TOPHOTELNEWS Live Blog roundup: How hotels are helping during the corona crisis

by | 15 Apr 2020 | General News

Four Seasons, New York. Hotels around the world are stepping to offer support in these difficult times.

Hotels with heart: From food and cleaning supply to donation to offering rooms as quarantine units or as a place to stay for healthcare workers, hotels around the world are stepping up.

While the hospitality industry has been hard-hit by the COVID-19 pandemic, many hotels around the world are doing their part to make a bad situation a little easier to bear.

Rounding up info shared by the hotel community on the TOPHOTELNEWS Covid19 live blog, we find out which steps hotels are taking to ease the stress caused by the coronavirus.

Donations of unused food supplies

Many hotels getting ready to close their door temporarily have donated their unused food supplies to staff or local charities. Event organisers facing last-minute cancellations of large dinners and parties as well as airlines have done the same, thus offering their staff and those in need welcome help in this time of crisis.

“We had planned for a 600-person plated lunch and a 1,000-person dinner,” said Kayla Petsche, Pacificwild’s director of sales. “But with the cancellations and food already ordered, we wanted to ensure our community benefited by donating the food to a local meal-provider like Blanchet House.”

Welcoming healthcare staff and supporting hospitals

It is undeniable that healthcare workers around the world deserve help and support available in these trying times. To do their part in this, hotels have started offering free or reduced-rate stays. The Four Seasons Hotel New York, for example, which is temporarily closed now, will house doctors, nurses and other medical workers free of charge. Other hotels, like the Gran Hotel Colon and the Marriott Auditorium, are supporting hospitals by offering rooms to mild-case coronavirus patients.

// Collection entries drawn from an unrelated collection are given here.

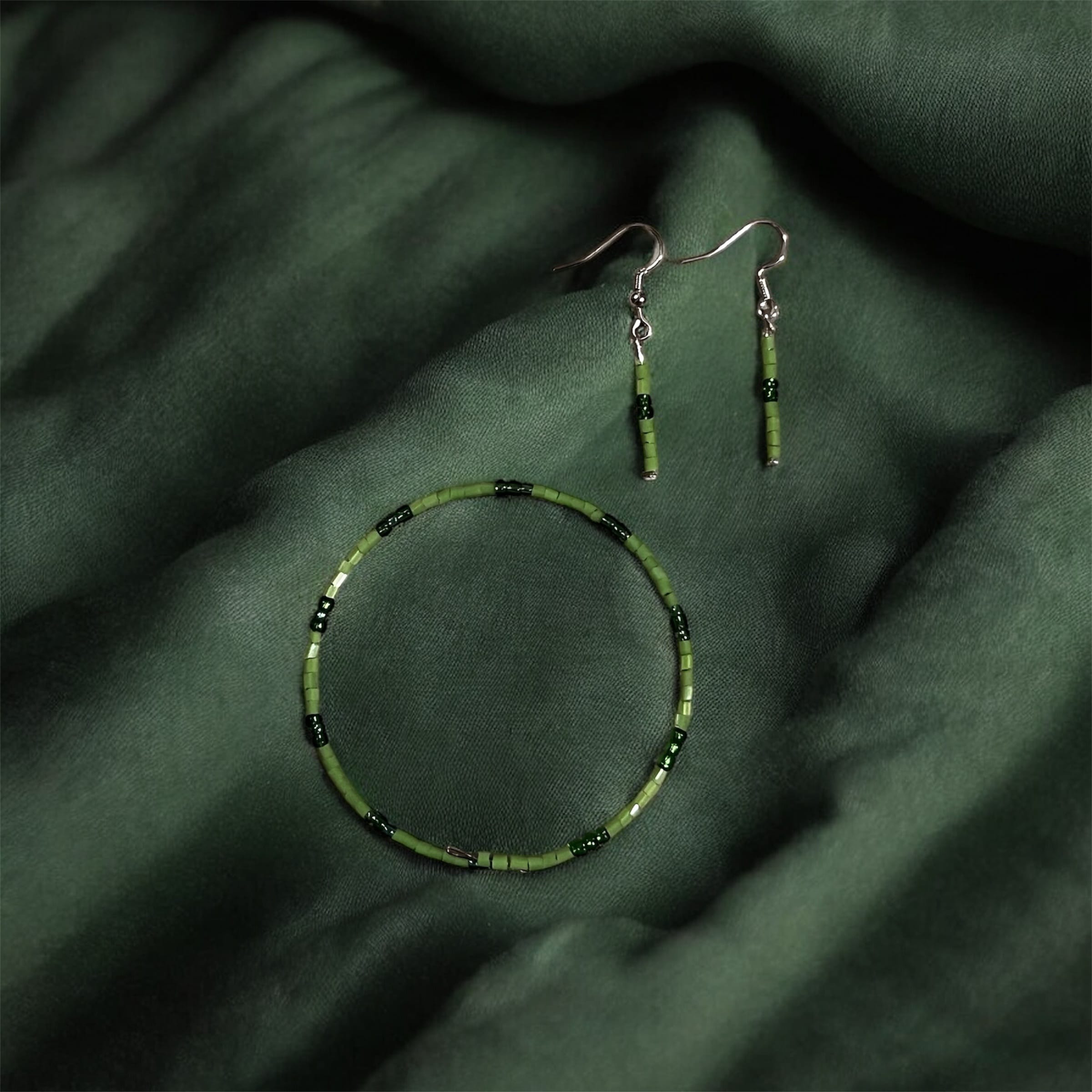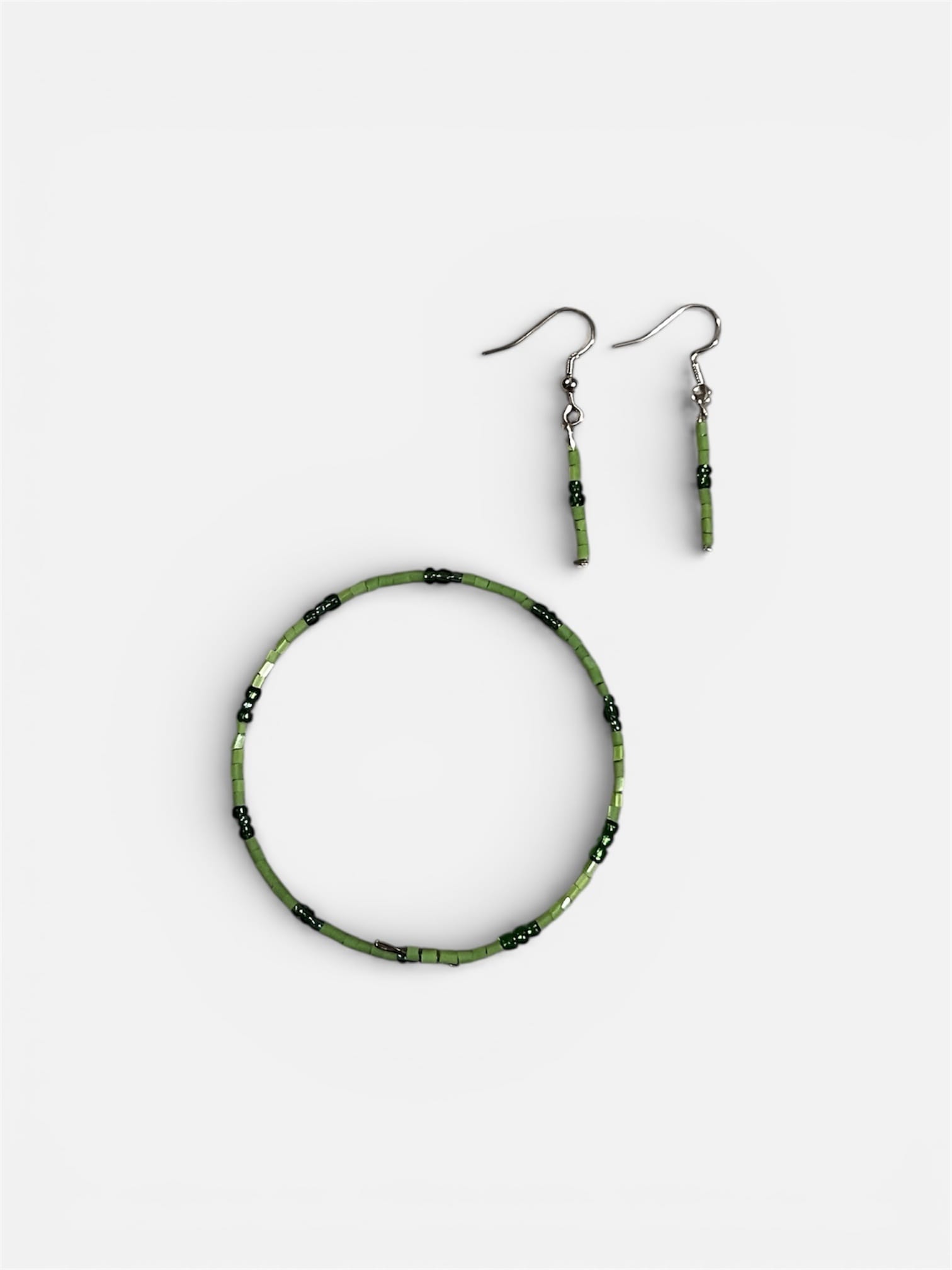 A sleek, handcrafted green beaded bracelet and earring duo-simple, refined, and timeless.
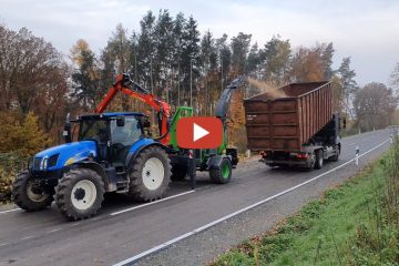 Landwirtschaft im Odenwald — Hackschnitzel häckseln 2019 mit New Holland T 6030 und Heizohack HM 8-500 KFL Transport mit LKW.
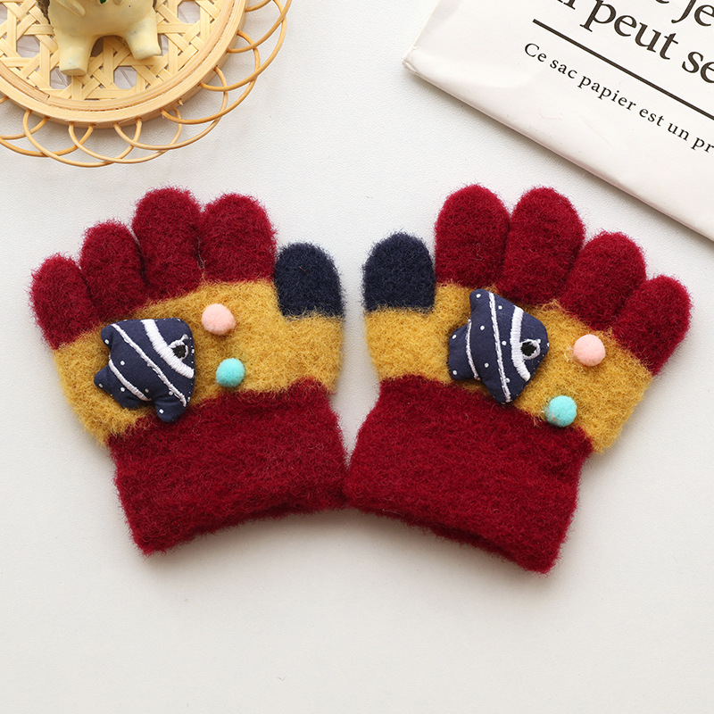 어린이 장갑 다섯 손가락 아기 가을과 겨울 귀여운 유행 소년 소녀 학생 두꺼운 1-3 세 2 따뜻한 아이들
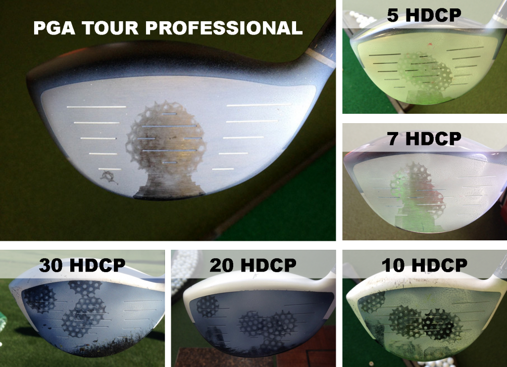 There’s a pretty telling article on GolfWRX.com (text link at bottom of page) detailing the ball-striking position on the club face as it’s relative to the player’s handicap.
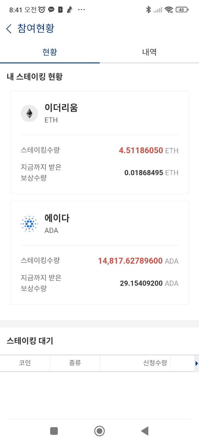 업비트 이더리움, 에이다 스테이킹 보상 현황
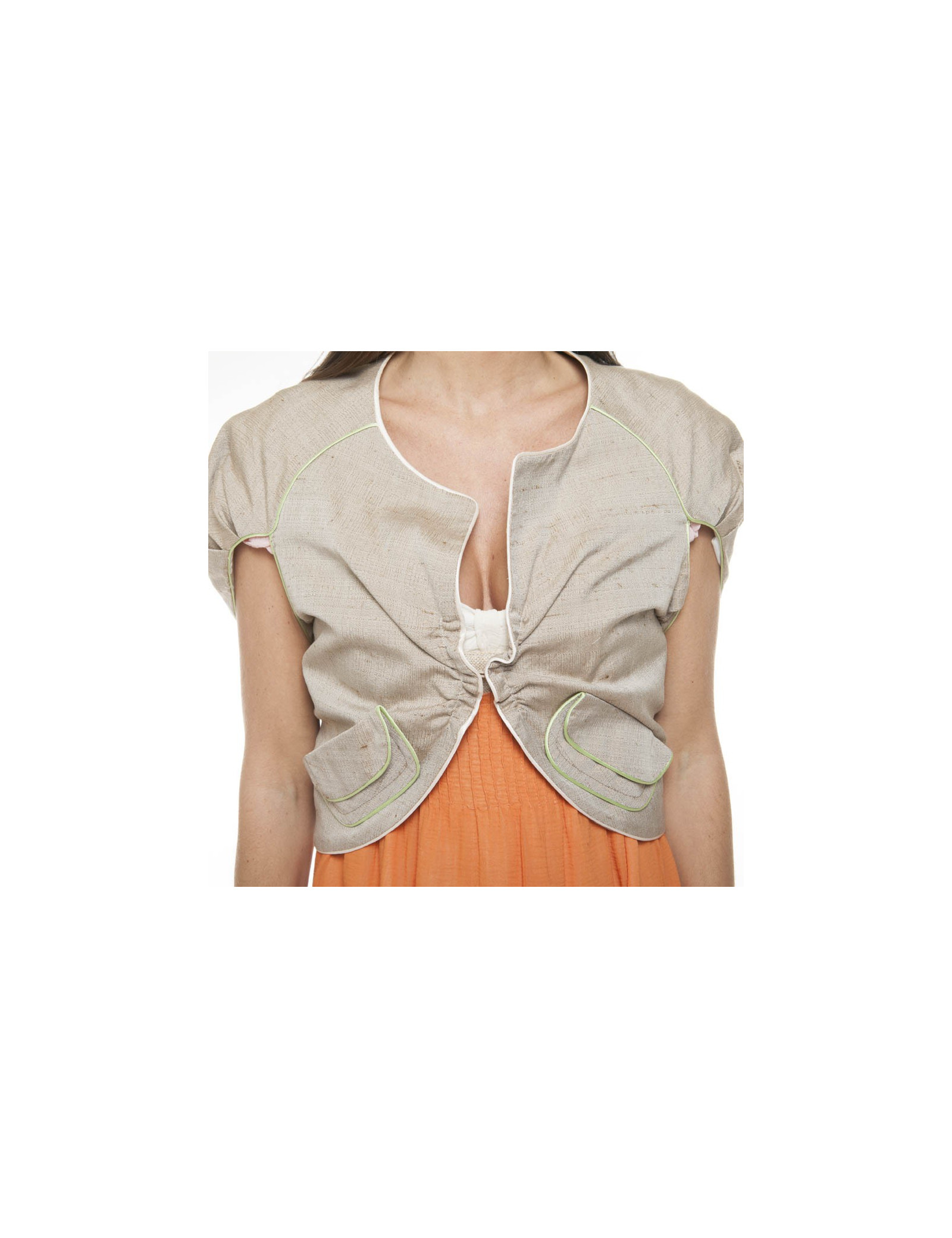 Ensemble Maurizio PECORARO, taille 36 (étiquette), robe avec doublure en coton et gilet court, en coton et soie (étiquette de matière).
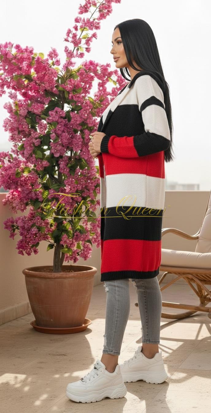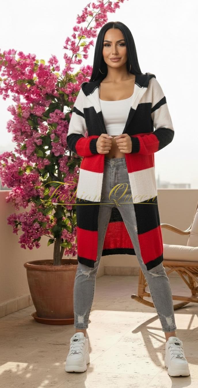 Tento štýlový dlhý pletený kardigán s kapucňou v pútavom trojfarebnom pruhovanom dizajne je ideálnym kúskom na vrstvenie, ktorý dodá vášmu outfitu moderný šmrnc a potrebné pohodlie.
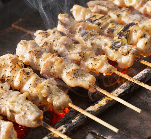 Gyôza (raviolis japonais) et Yakitori (brochettes de poulet à la japonaise)
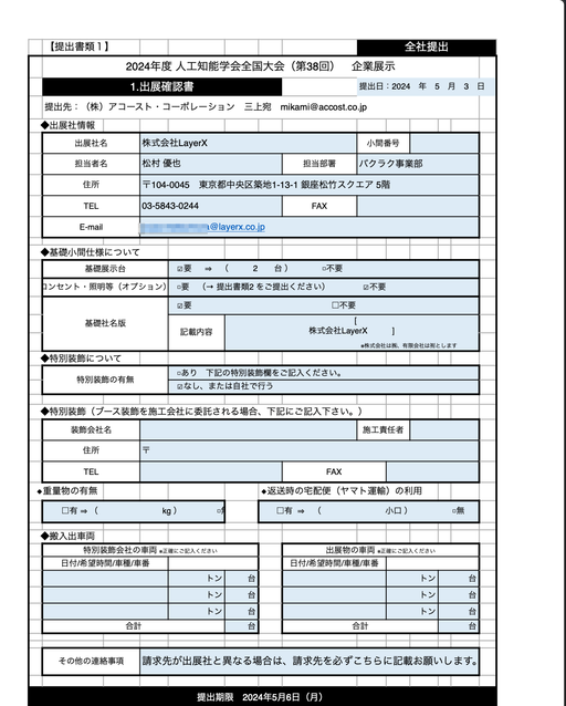 - JSAIの企業展示のPDF(2024年分を参考データとして、空の2025年分のPDFを埋めさせてみた)で実験
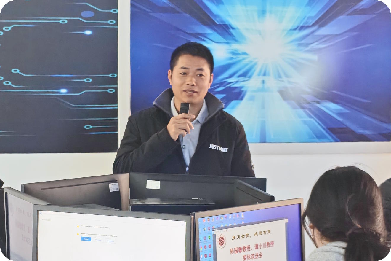 接下来,孙国敏教授作了致谢发言。他说:“感谢大家,非常感谢。我也非常珍惜这些年来与大家的共事,尤其是与一些老教师的共事。我将永远铭记信息工程学院、铭记广东文理职业学院。谢谢大家!”
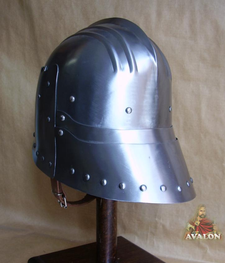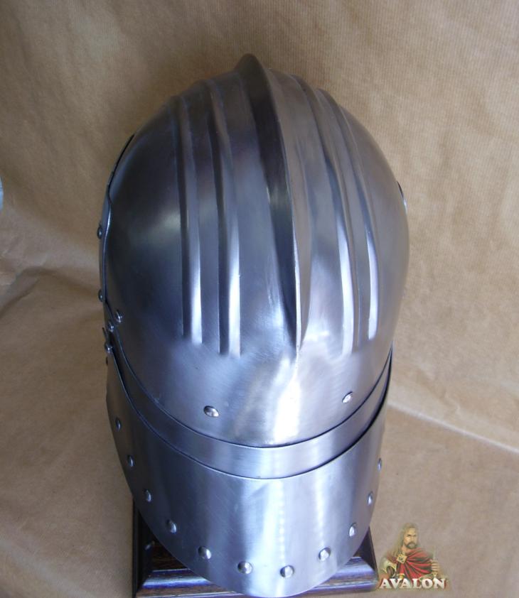 Elmo Celata alla Tedesca, Elmo Medievale Secolo XV, caratterizzato da un grande ed elaborato frontale mobile e da una gronda articolata in tre lame.
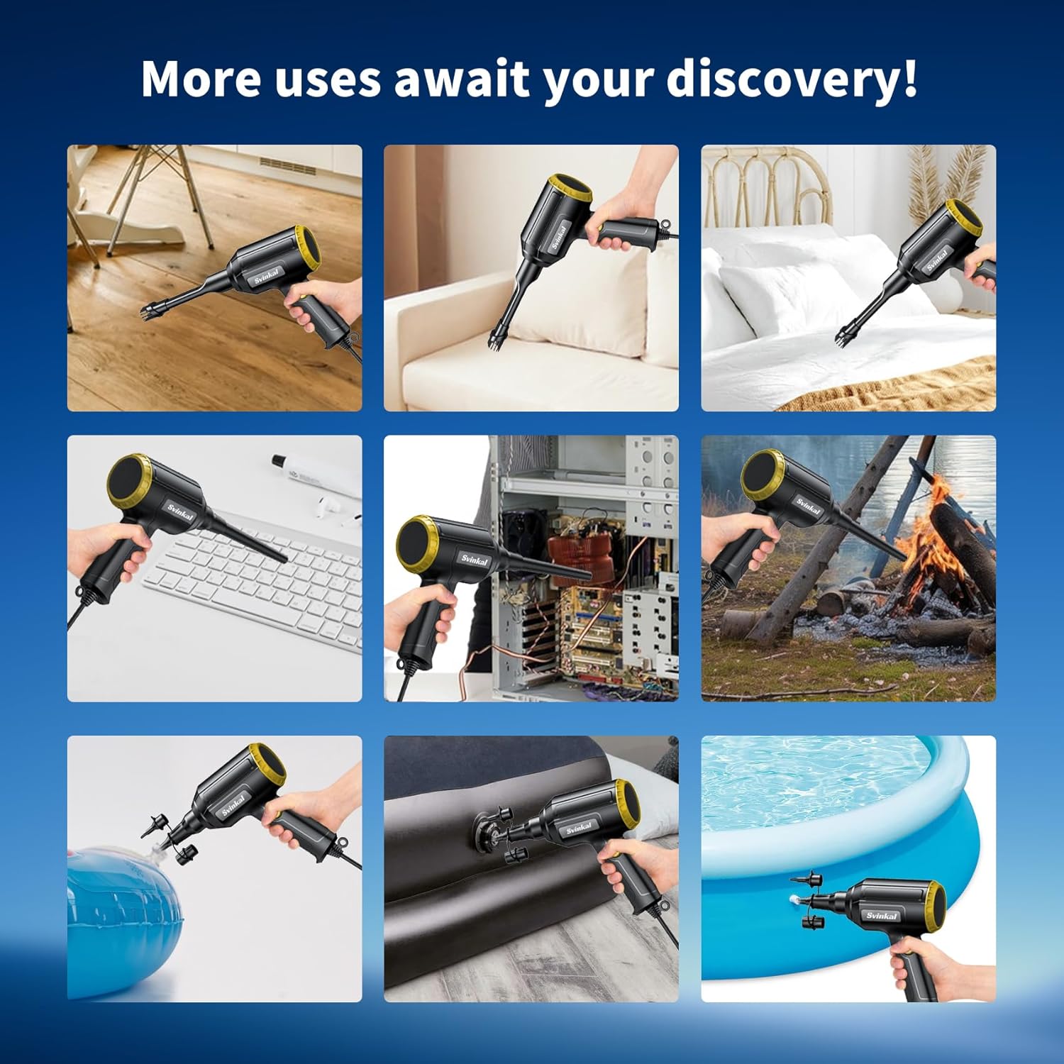 - 【3 types of nozzles】Round nozzles can be used for electronic devices such as laptops, keyboards, and printers. Flat nozzles with up-and-down moving brushes can be used in dusty areas such as PCs. The 3-in-1 nozzle can be used for products such as airbeds and lifeboats that need to be inflated quickly
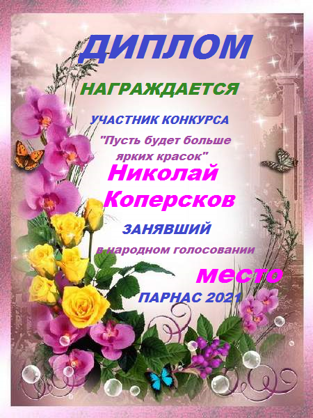 Подарок/пожелание от: Валентина Владова Время: 20 января 2021 в 11:31 Пожелание: Дорогие мои друзья! Игра заканчивается. Огромное спасибо Вам за общение! Будьте счастливы и любимы! Мира - вашему дому! Счастья - вашему сердцу! Мечтам - поскорее сбыться! Желаниям - осуществиться! |

The cruise industry is also doing its part. Carnival Cruise Line has offered to provide shifts for use as temporary hospitals for non-COVID patients, so they don’t risk infection due to a hospital stay.

Being there for staff

Although many hotels have furloughed their employees, especially the larger groups have pledged to support their teams at this time.

Hyatt has set up its Hyatt Care fund, to offer funds to staff who are in financial distress due to hours being cut. Accor has launched a similar program and has even promised to foot the hospital bills of employees who don’t have health insurance but need treatment for COVID-19.